▶ _EXERCISE AIM_
The material below holds pictures, which are to be left out; copy exactly the lines from the one with "鍔のある幅広い縁帯は備前擂鉢" through the one with "أهدى الناشط الحقوقي".

(DATA UNDER STUDY Opens)

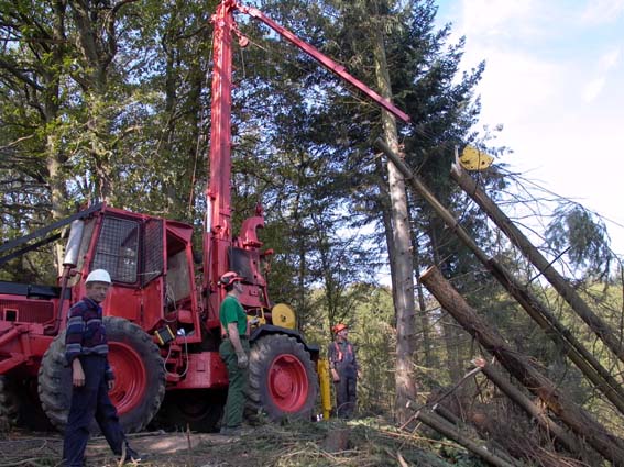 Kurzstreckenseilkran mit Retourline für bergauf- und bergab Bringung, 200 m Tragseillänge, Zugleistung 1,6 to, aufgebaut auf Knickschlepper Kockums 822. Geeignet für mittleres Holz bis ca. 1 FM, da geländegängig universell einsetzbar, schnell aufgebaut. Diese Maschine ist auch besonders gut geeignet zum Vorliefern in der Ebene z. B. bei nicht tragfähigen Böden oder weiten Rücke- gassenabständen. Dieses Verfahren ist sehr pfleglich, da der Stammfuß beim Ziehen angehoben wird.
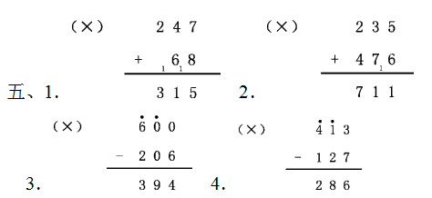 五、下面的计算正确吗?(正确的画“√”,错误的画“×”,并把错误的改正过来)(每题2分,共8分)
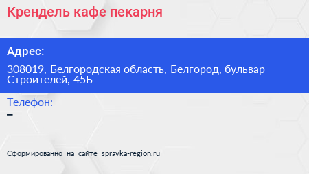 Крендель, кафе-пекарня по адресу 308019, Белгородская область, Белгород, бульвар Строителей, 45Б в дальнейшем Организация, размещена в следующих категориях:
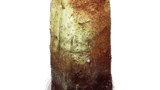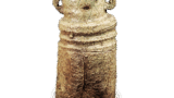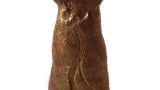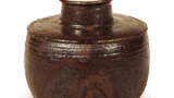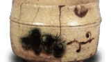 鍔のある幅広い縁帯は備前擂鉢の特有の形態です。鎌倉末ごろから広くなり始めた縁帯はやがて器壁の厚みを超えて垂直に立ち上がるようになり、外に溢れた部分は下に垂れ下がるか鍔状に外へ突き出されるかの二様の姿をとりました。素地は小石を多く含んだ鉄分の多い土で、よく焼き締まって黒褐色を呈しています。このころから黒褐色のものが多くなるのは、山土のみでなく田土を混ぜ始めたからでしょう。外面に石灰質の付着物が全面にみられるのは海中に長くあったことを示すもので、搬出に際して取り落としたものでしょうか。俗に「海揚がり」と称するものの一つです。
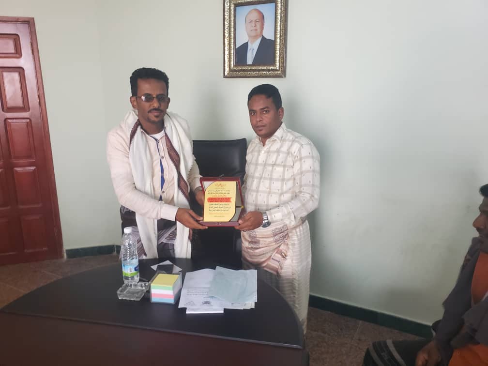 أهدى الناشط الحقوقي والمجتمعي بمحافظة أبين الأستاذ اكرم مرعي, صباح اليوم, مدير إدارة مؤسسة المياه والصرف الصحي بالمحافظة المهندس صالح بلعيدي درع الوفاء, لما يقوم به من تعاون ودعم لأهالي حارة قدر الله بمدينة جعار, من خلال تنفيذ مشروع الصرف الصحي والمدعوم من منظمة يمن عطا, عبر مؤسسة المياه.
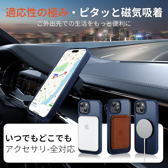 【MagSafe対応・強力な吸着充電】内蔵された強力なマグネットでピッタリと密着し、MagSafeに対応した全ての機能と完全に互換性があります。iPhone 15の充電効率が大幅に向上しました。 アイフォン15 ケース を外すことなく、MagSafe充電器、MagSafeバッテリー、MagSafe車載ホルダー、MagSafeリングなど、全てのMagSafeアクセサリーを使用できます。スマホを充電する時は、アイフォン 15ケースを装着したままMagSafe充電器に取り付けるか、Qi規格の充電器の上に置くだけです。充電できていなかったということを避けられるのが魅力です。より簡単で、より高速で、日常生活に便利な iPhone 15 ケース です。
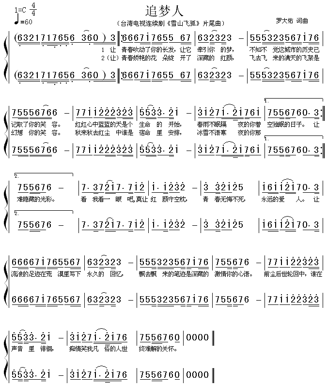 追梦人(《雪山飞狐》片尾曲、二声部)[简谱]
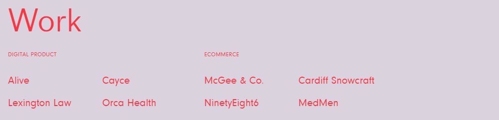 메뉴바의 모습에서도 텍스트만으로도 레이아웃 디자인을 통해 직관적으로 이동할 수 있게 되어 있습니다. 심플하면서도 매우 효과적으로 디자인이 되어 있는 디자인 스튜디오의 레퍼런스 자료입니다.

(DATA UNDER STUDY Closes)

▶ _SOLUTION TO THE PROBLEM_
 鍔のある幅広い縁帯は備前擂鉢の特有の形態です。鎌倉末ごろから広くなり始めた縁帯はやがて器壁の厚みを超えて垂直に立ち上がるようになり、外に溢れた部分は下に垂れ下がるか鍔状に外へ突き出されるかの二様の姿をとりました。素地は小石を多く含んだ鉄分の多い土で、よく焼き締まって黒褐色を呈しています。このころから黒褐色のものが多くなるのは、山土のみでなく田土を混ぜ始めたからでしょう。外面に石灰質の付着物が全面にみられるのは海中に長くあったことを示すもので、搬出に際して取り落としたものでしょうか。俗に「海揚がり」と称するものの一つです。
 أهدى الناشط الحقوقي والمجتمعي بمحافظة أبين الأستاذ اكرم مرعي, صباح اليوم, مدير إدارة مؤسسة المياه والصرف الصحي بالمحافظة المهندس صالح بلعيدي درع الوفاء, لما يقوم به من تعاون ودعم لأهالي حارة قدر الله بمدينة جعار, من خلال تنفيذ مشروع الصرف الصحي والمدعوم من منظمة يمن عطا, عبر مؤسسة المياه.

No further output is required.